Keith Trnka
PhD
Research

Various presentations

Most of these are word prediction talks without an associated publication. The presentations for my publications are available on the publication page next to each citation.

Below are descriptions of most of the projects I've worked on, starting with the most recent. Refer to the coursework section for any presentations I gave for a class.

Word Prediction (thesis work)

People who are unable to speak use devices that speak for them. They type words and the device speaks those words. But it's much slower than normal speech. The goal of word prediction is to help people type faster for these devices, especially people affected by motor impairments. It works much like the AutoComplete feature of Microsoft Word, by allowing the user to complete the rest of the word with the press of a single key. The one major difference from AutoComplete is that word prediction systems typically present the user with 5-7 candidates amongst which to choose. Similar features are built into many cell phones for text messaging.

In this work, I'm looking to improve the guesses of the word prediction software so that the correct word (the one the user wants) is presented earlier and at the top of the list of candidates. Currently, the most common method is the ngram model, which generates predictions that are appropriate for the previous few words.
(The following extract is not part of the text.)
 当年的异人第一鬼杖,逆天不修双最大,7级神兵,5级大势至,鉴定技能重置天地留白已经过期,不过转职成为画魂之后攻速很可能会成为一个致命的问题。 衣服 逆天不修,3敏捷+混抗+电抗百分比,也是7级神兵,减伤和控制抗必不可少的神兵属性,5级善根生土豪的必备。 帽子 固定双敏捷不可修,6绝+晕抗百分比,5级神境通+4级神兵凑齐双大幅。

In general, these predictions are grammatically appropriate, but my work seeks to additionally make the predictions appropriate for the topic and style of the overall document or conversation.

Vehicle to Grid (V2G)

There are many problems with our power infrastructure - both the reliance on fossil fuels (e.g., coal) and foreign oil cause problems for our country. Renewable resources such as wind and solar power address these problems but they generate power intermittently, so by themselves they are unable to fulfill our power needs. However, if coupled with various kinds of energy storage, renewable resources may be able to (partially) replace fossil fuels.

Additionally, in the existing infrastructure there is economic incentive to connect batteries to the power grid - you can "sell" the ability of your batteries to stablize the rid. There are several reasons why power companies need this - generators take a while to respond to consumer demand, leaving a gap that needs to be temporarily filled with a quicker response. Similarly, generators sometimes fail and a backup must kick in quickly to prevent things like blackouts.
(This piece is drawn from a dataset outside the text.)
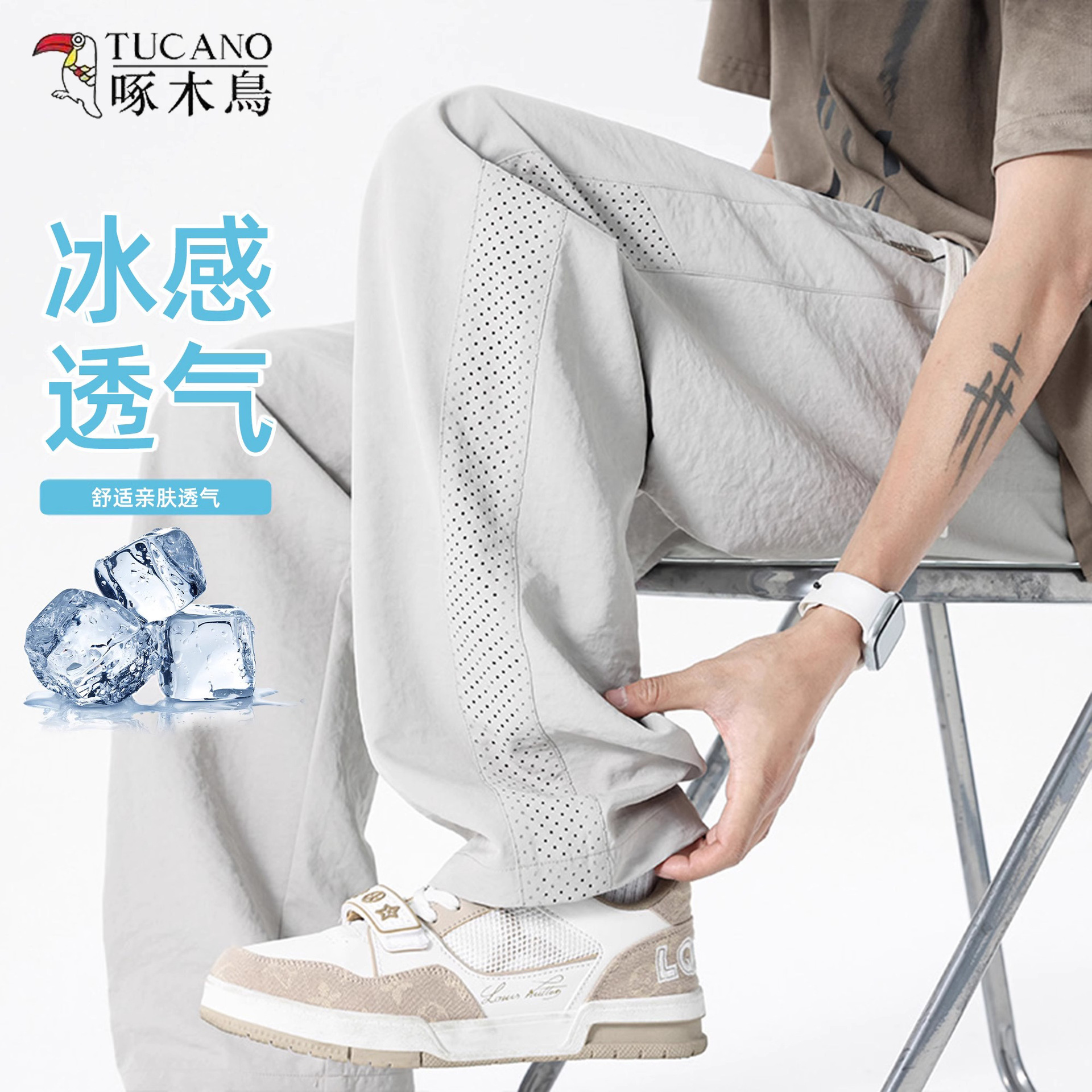 ウッドペッカーアメリカンメッシュパンツメンズ夏薄手通気性速乾スポーツパンツストレートレッグルーズトレンディカジュアルパンツ

The goal of this project is to develop a way to meet these needs in a vision of the future world where pure electric vehicles are common. While a pure electric vehicle is plugged in overnight or at work, not only could the battery be recharged but the battery can be used to sell grid stability. In the short term, it means electric vehicle owners would make money by leaving their cars plugged in more, enough to cover the costs of charging and more.

I designed and developed the original coaliation software, which treats a collection of vehicles as a distributed battery. It involves quite a lot of work to use the battery when possible without causing the car's owner any trouble. My software runs both on a server that interacts with the power company, as well as on the electric vehicles which tells them to charge or discharge.

Natural Language Generation in Summarization

Summarization has become an important application for language processing. Most research has focused on extracting the most important information from the original document and presenting it within some length restriction. However, the coherence of the resulting text is usually ignored in current research. I looked at applying Natural Language Generation (NLG) techniques to make the summary easier to read. I did a little work towards this goal in a class. The three problems I've identified are discourse marker generation, sentence generation, and referring expression generation.

I implemented discourse marker generation using an RST-based summarization algorithm and the RST Discourse Treebank along with statistical methods to generating the discourse marker. Unfortunately, with a reasonably high probability threshold, I only generated a few discourse markers, at least one of which was not applicable because both text spans involved were quotations.

Parse Tree Application

Working with a system that requires a parser can be difficult. It's even more difficult to debug a grammar. To allow research involving parsers to accelerate, I've developed a tool for visualizing and comparing parse trees. This program, dubbed Parse Tree Application, will allow a user to enter a parse tree by hand or from a file and the program draws the tree. Two parses of the same sentence/string ma be compared visually using PTA. Click on the link above to go to this application's website.

PTA has many useful features, such as the ability to output rendered trees in EPS or SVG, rendering of feature structures associated with constituents, and drawing of some partial parses (e.g., (S (NP I) (VP went (PP to the store)))).

Predicting the gender of first names

I had the idea that first names have associated morphology for gender. To evaluate this hypothesis, I collected lists of first names, separated by gender, for a few different countries (America, Ireland, India, Greece, France). I found that I could predict gender with about 80% accuracy for each using a simple rule learning algorithm, even simpler than sequential coverage.

Even though I allowed the system to learn multiple letters, the rules that were learned used only the last letter of the name.

Summarizing Information Graphics

I worked for about a year with Sandee Carberry and Stephanie Elzer in understanding information graphics. The basic idea is that graphs, such as bar charts, are designed intentionally to be understood a certain way. This intentional graphic design is a form of communication, and language processing methods can be applied to the design. For instance, highlighting a particular bar or providing a value on top of a particular bar might allow the reader to deduce certain conclusions more easily.

My part in this work was twofold: to build a collection of information graphics and to investigate the utility of captions. In particular, I looked at captions that served as titles for the graphic.